The Kerala-based company, the largest gold financing company in India, estimates assets under management at the end of the second quarter to be around Rs 24,500 crore against Rs 25,840 crore at the end of the first quarter. The company is also going slow on branch expansion plans in the current fiscal due to the current market situation.
“We are trying to extinguish our high-per gram rate loans given during 2011 by offering a one-time settlement. Growth in loans is good and robust but given that we are settling old loans, our loan book is likely to end up lower than last quarter,” KP Padmakumar, the executive director of the company told FE. “These loans were given at a time when gold prices were very high and the customers have no incentive to close it.
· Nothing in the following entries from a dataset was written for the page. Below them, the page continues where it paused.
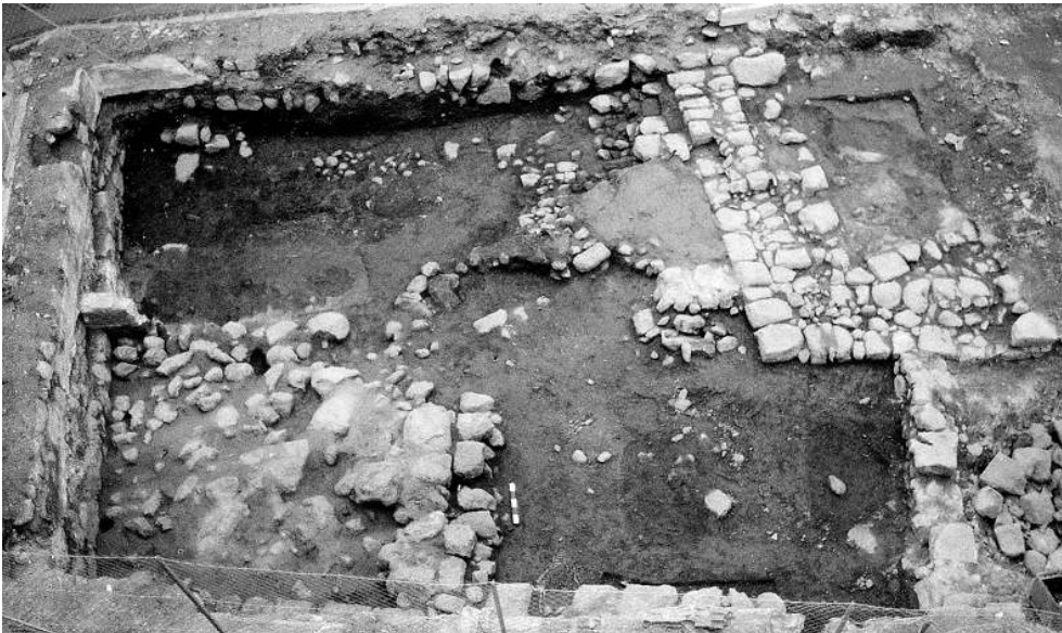
Fig. n°3 : Vue générale des niveaux médiévaux. En bas et à gauche, la pièce dont le hérissure de préparation du sol est présenté à la fig. 2. En haut et au centre, l'espace caladé (cour ?) et, à sa droite, les restes d'un escalier donnant accès à un bâtiment de grande taille matérialisé par le grand mur sur la droite. Accolée à ce mur, on distingue une construction en demi-cercle de fonction indéterminée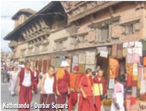
Kathmandu - Durbar Square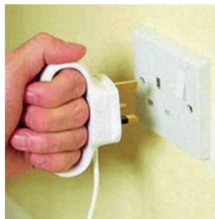
Slika 13: Prilagođena utičnica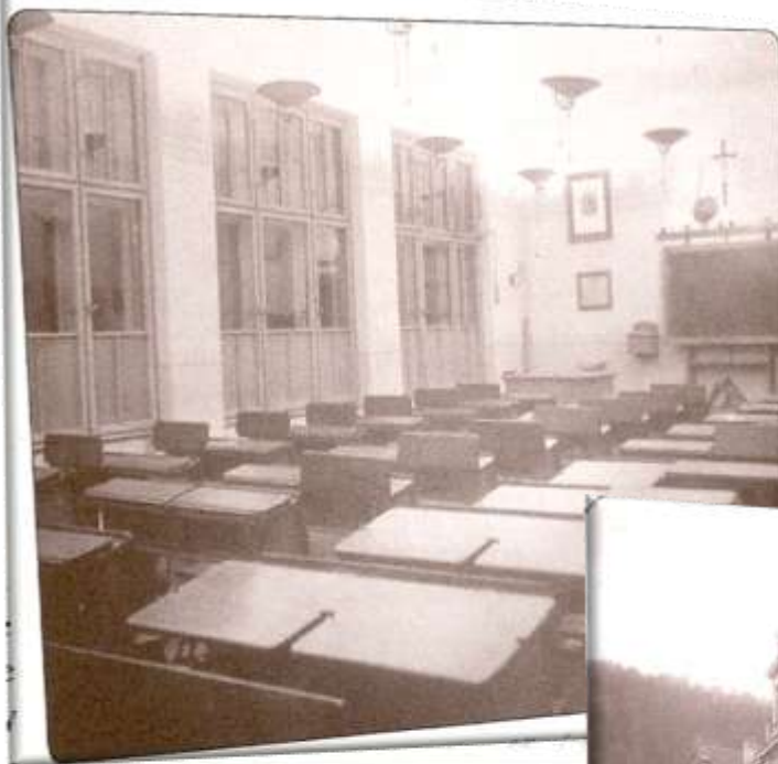
Vybavení třídy za Rakouska-Uherska a škola v roce 1903

Kiprov J., Vlnatá D.: Almanach ZŠ Dukelských hrdinů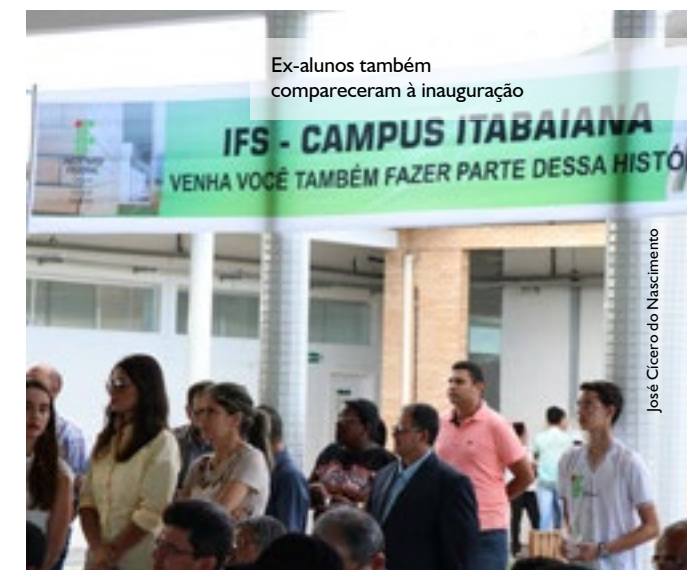
Ex-alunos também compareceram à inauguração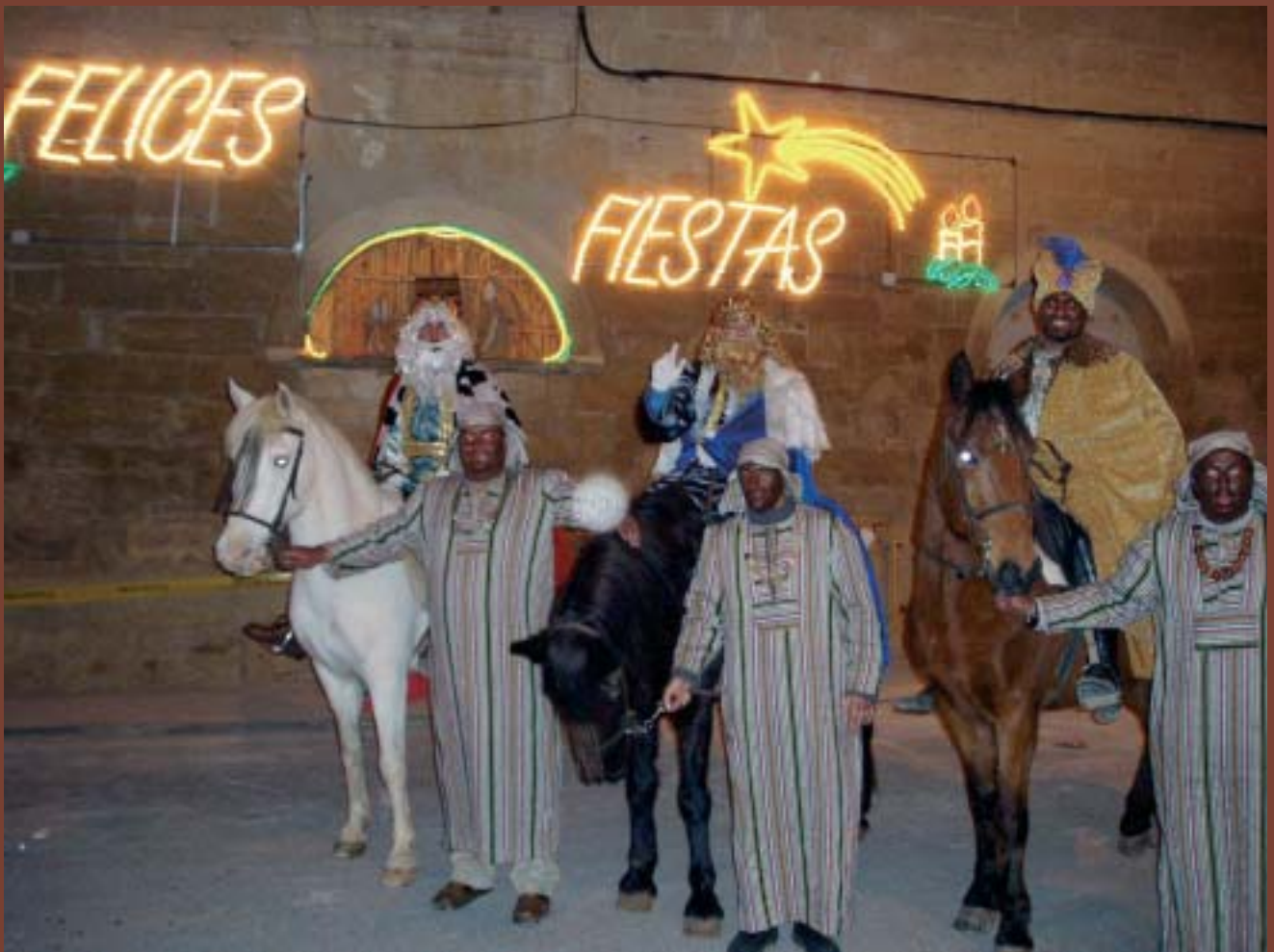
SS. MM. Los Reyes Magos de Oriente en su visita a Valdealgorfa

So, we are offering a discount and trying to settle it,” he added.
Gold loan companies were competing with one other and offering high loan-to-value in 2011-12 when gold prices were on a surge. RBI in March 2012 ordered industry to cap loans at 60% of the value of their gold collateral sensing risk on a market downslide.
The company is also going slow in its branch expansion and plans to open only 250 branches in the current fiscal against 400 in the last. At the end of the first quarter, the total number of branches stood at 4,163. Due to the volatility of gold prices the company expects a flat growth in the current fiscal with an upside of only 10% in the best scenario.
Padmakumar feels demand for credit has decelerated in the market and economic activity has also slowed down.